Estaba en el supermercado. No era un día especial, ni una fecha marcada. Iba por la sección de pan cuando, de pronto, comenzó a sonar esa canción. Una melodía suave, antigua, de esas que no se escuchan con frecuencia. En segundos, me encontré detenido, como si el tiempo se hubiera congelado entre las góndolas y el eco de mi memoria.
Era la canción que bailábamos con mi esposa en los años jóvenes, en la cocina, en las fiestas, en las tardes sin prisa. La misma que cantábamos bajito mientras lavábamos los platos. La que sonó cuando nació nuestro primer hijo. Y de pronto, sin poder evitarlo, sentí un nudo en la garganta. Y lloré. Pero no fue tristeza. Fue algo más profundo: fue gratitud, fue ternura, fue felicidad acumulada.
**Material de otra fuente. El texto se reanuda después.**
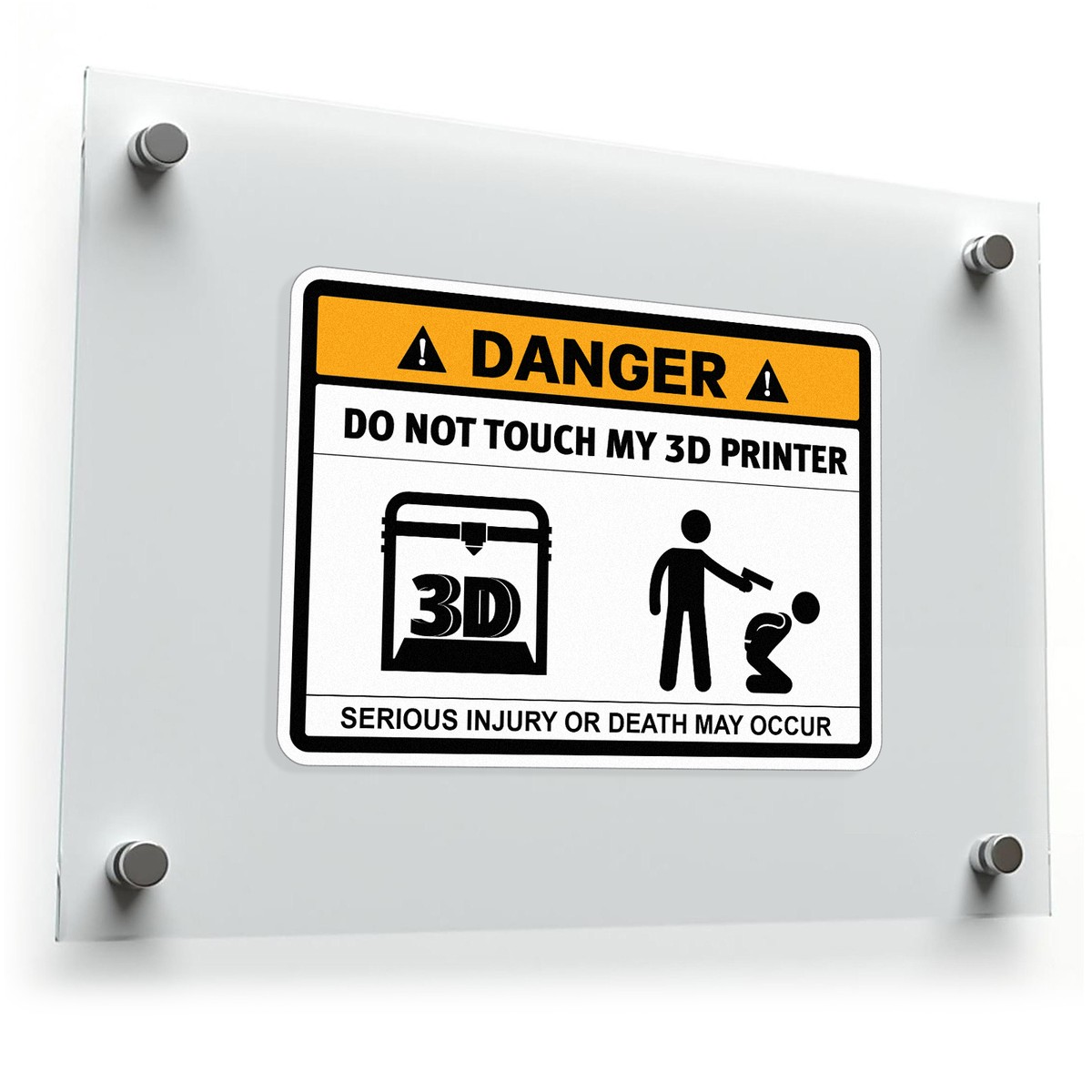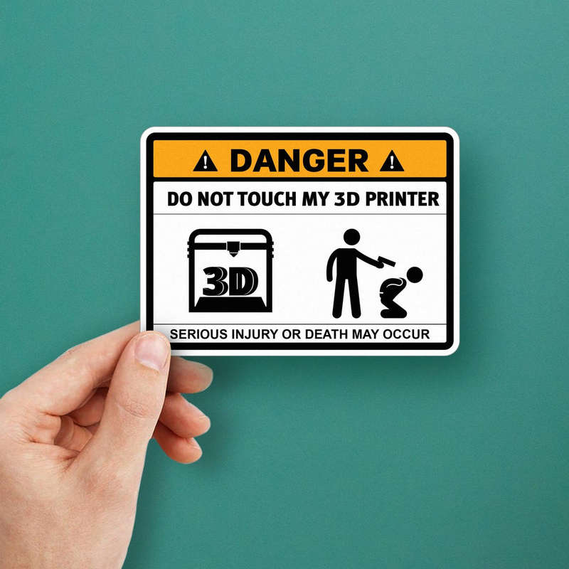 Protect your 3D printer and add a touch of humor to your workspace with this “Danger: Do Not Touch My 3D Printer” vinyl sticker. Featuring bold text, vivid yellow and black colors, and a striking graphic, this decal ensures your warning is both clear and entertaining. Crafted from durable, weatherproof vinyl, it withstands scratches, water, and fading, making it perfect for workshops, offices, or outdoor settings. Easy to apply and remove without residue, it’s available in various sizes to suit your space. Keep your equipment safe and your personality on display with this eye-catching warning sign.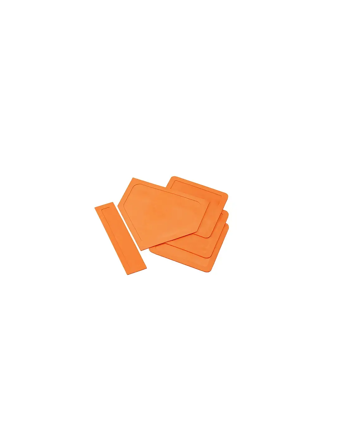 Compuesto de 3 bases de caucho. Gran flexibilidad.1 home base y línea posición bateador. Color naranja.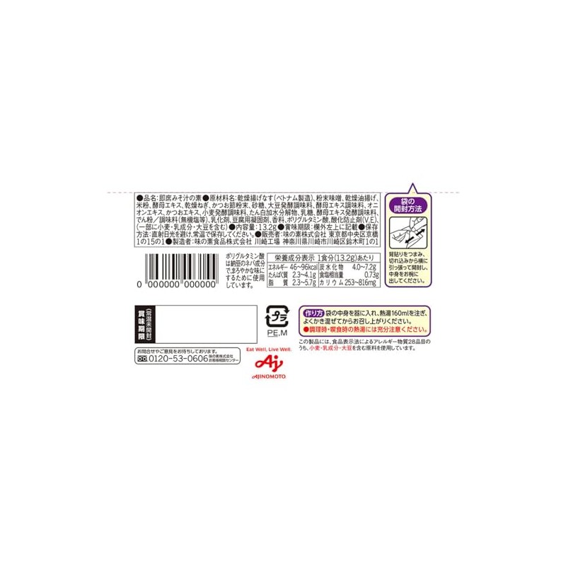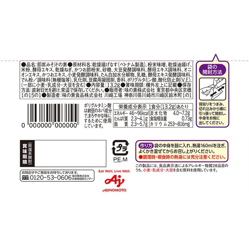 Ajinomoto Miso Soup Eggplant, Reduced Salt 0.5 oz (13.2 g) x 6 Packs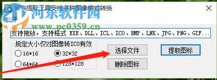 3.点击打开按钮之后我们可以看到选择的软件所在路径,然后在下方的尺寸选择位置即可选择想要提取保存的图标尺寸。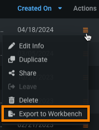 To export multiple projects, toggle the checkbox for each project you want to export, open the Menu, and click Export Selected Projects to Workbench.

La gente pasaba a mi lado sin notar nada. Y eso estaba bien. Porque en ese momento, el mundo era solo mío. Solo esa canción, ese recuerdo, esa emoción que me envolvía como un abrazo invisible. No quise contenerlo. No quise distraerme. Solo dejé que esa canción hiciera su trabajo: traerme de vuelta a lo que de verdad importa.
Lloré… sí. Pero con una sonrisa. Porque hay canciones que no solo nos traen el pasado, sino que nos recuerdan que, en algún momento, fuimos intensamente felices. Y eso, incluso con el paso del tiempo, sigue siendo un regalo enorme.